Bracket matching detection problem

Original title description:

Suppose an arithmetic expression can contain three kinds of parentheses: parentheses "(" and ")", square brackets "[" and "]" and curly brackets "{" and "}", and these three kinds of parentheses can be arbitrarily The order of nesting is used (eg: …[…{…}…[…]…]…[…]…(…)…).

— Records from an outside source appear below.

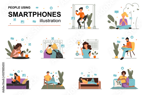 Мужчина и женщина-персонажи, читающие книги дома и в библиотеке. Набор векторных иллюстраций людей, читающих книгу. Студенты учатся и готовятся к экзамену.
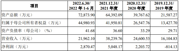 财务方面,于2019年、2020年、2021年及2022年1-6月,欧莱新材实现营业收入分别约为1.61亿元、2.46亿元、3.82亿元及2.20亿元;实现净利润分别约为-814.13万元、2203.72万元、5048.17万元及2870.47万元。
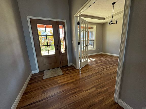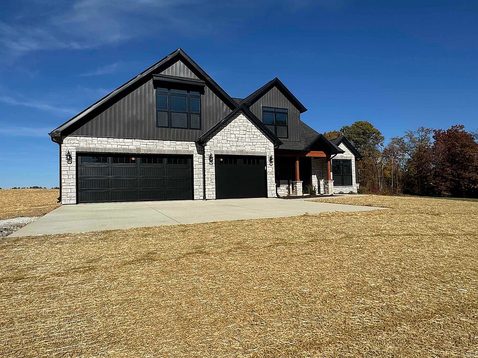 SOLD........Custom built brand new 2 story home in beautiful Hidden Hills SD up on a hill with view of pond and fountain on 2 lots in Miami Co. This home offers a stunning stone and board and batten siding with black windows for a beautiful exterior. This home offers 3 bedrooms, 2 1/2 baths with large Bonus Room upstairs. Upon Entering large foyer there is a dining room on your left with double French doors, Large great room with two story ceiling and large fireplace with stone front and barn beam mantle. Large custom kitchen and dining nook with buffet cabinets. Fully applianced kitchen with built in over and cooktop Laundry room with lockers. Double pantry. Bedroom offers tray ceiling, double vanities, tiled shower and huge walk-in closets. Upstairs offers two bedrooms full bath and large bonus room with storage. Three car attached garage with garage service door. 10 by 12 covered porch with patio.
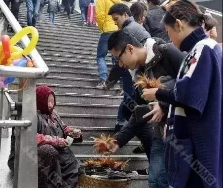 成都春熙路天桥下有个卖鸡毛毽子的婆婆,家境困难,网友知道后都去照顾生意。
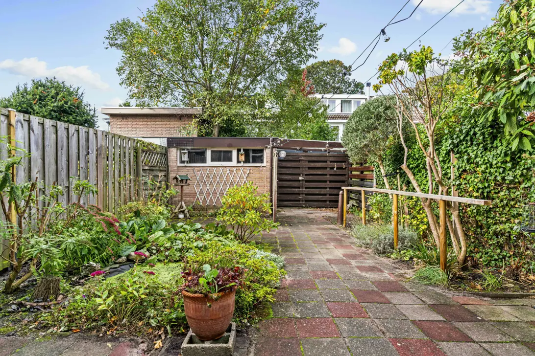 De achtertuin ligt op het westen en biedt veel privacy. Achterin de tuin staat een stenen berging met elektra, en de tuin is bereikbaar via het achterpad. Op de achtergevel van de woning bevinden zich en buitenkraan en een elektrisch zonnescherm.
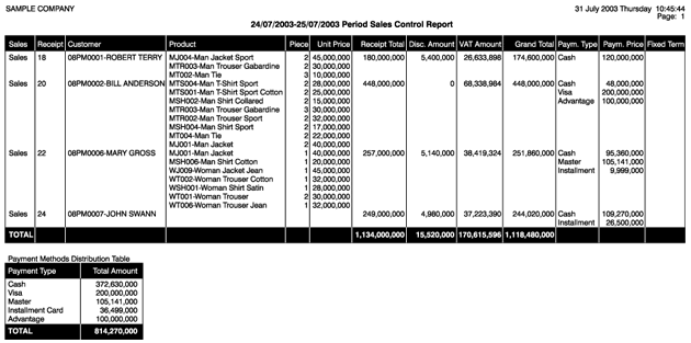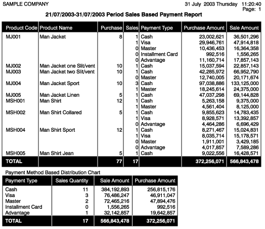 Reports displaying the Product Name. Payment Type, sales amounts and listing the payment dispersions based on the sales can be generated as above. |
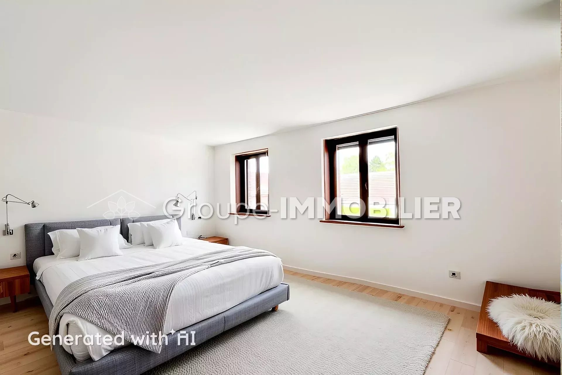 À l’étage, un palier dessert deux grandes chambres et donne accès aux combles aménageables, d’une surface d’environ 36 m² au sol, permettant la création d’une troisième chambre, d’un bureau ou d’un espace de loisirs selon vos besoins.
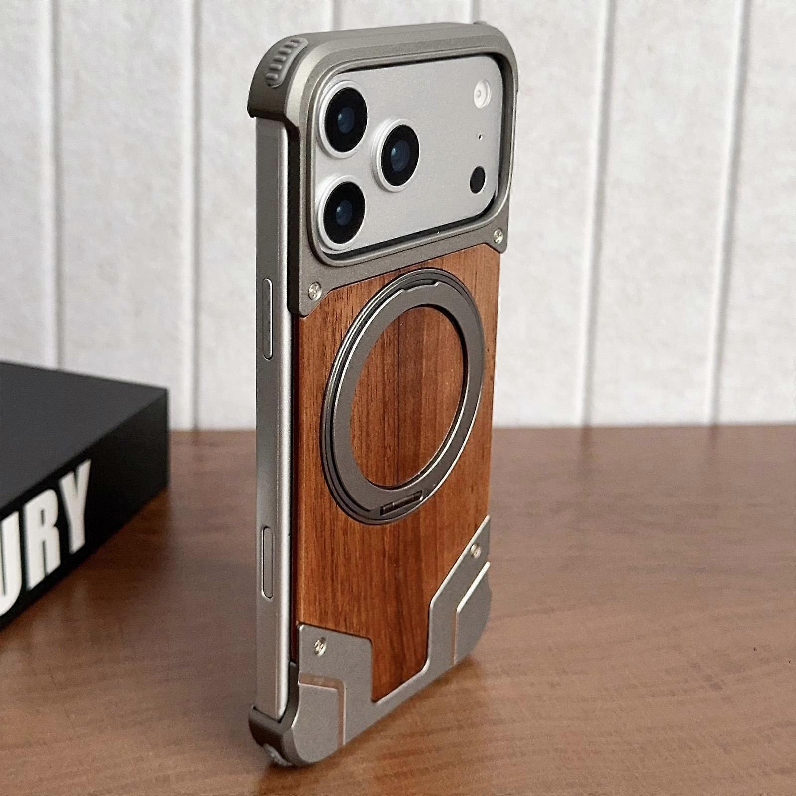 Armor Walnut Wood Metal Frameless 360 Rotation Holder Magnetic Phone Case
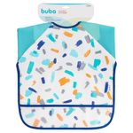 O Avental/Babador com Mangas da Buba possui tecido impermeavel e bolso pega migalhas,
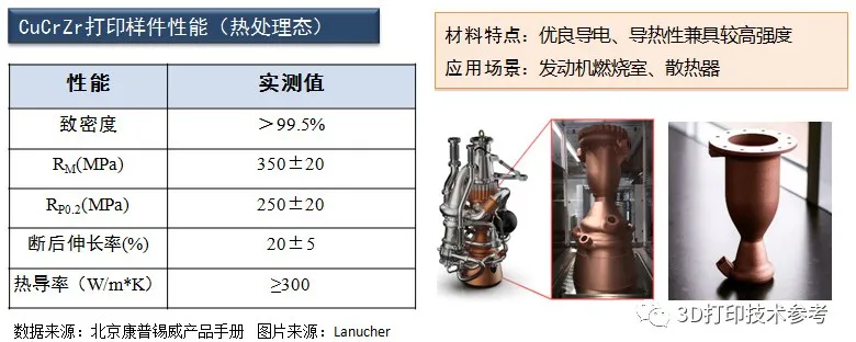 铜及铜合金是一类有重要应用的关键材料。由于具有优良的导热、导电、延展、耐腐蚀等特性,铜在航空航天、武器装备某些应用场合是必选材料。在增材制造中,铜材料应用较晚,但近年来呈现快速发展趋势,尤其国防军工领域铜合金增材制造应用不断取得重要进展,更促进了铜材料增材制造的发展。近两年增材制造行业能够明显感受到铜合金需求的增长,不断有新用户着手开发铜合金增材制造应用,材料也从早期易于成型的铸造锡青铜转向纯铜和各类高强高导铜。有研究报告称,2019-2027年期间,全球铜增材制造市场将以51%的年复合增长率增长。尽管当前铜合金打印还存在诸多工艺和材料问题,但可以预见,铜在金属增材制造中将占有一席之地。

Write an algorithm that determines whether parentheses contained in a given expression are correctly paired (known expressions are stored in a sequence table whose data elements are characters).

answer:

This question belongs to the application of the stack, making full use of the stack's push and pop functions.

1. My answer

   After querying the ASCII code, }]) is 1 or 2 different from {[(, and there are only these six symbols in the expression, so the discriminant condition is written in this form, but this is not a good solution.

import java.util.Scanner;
import java.util.Stack;


public class parenthesis_matching {
	public static void main(String[] args) {
		Scanner sc = new Scanner(System.in);
		Stack<Character> a = new Stack<>();
		int n = sc.nextInt();
		String s = sc.next();
		boolean flag = true;
		for(int i = 0;i < n;++i) {
			char c = s.charAt(i);
			if(c == '(' ||c == '{' ||c == '[' ) {
				a.push(c);
			}
			else {
				char m = a.peek();
				if(c == m + 1 || c == m + 2) {
					a.pop();
				}	
				else {
					System.out.println("false");
					flag = false;
					break;
				}
			}
		}
		if (flag == true) {
			if (a.isEmpty())
				System.out.println("true");
			else {
				System.out.println("false");
			}
		}
	}	
}

2. Someone else's answer

    Knowledge points to learn:

    a. I always wanted to write the sc.hasNext() method before, but unfortunately the general adjustment was wrong, so I used the method of inputting the numbers first, and then using the loop method. It is more convenient to use while(sc.hasNext) here, and char[] bytes = target The writing of .toCharArray is also worth learning.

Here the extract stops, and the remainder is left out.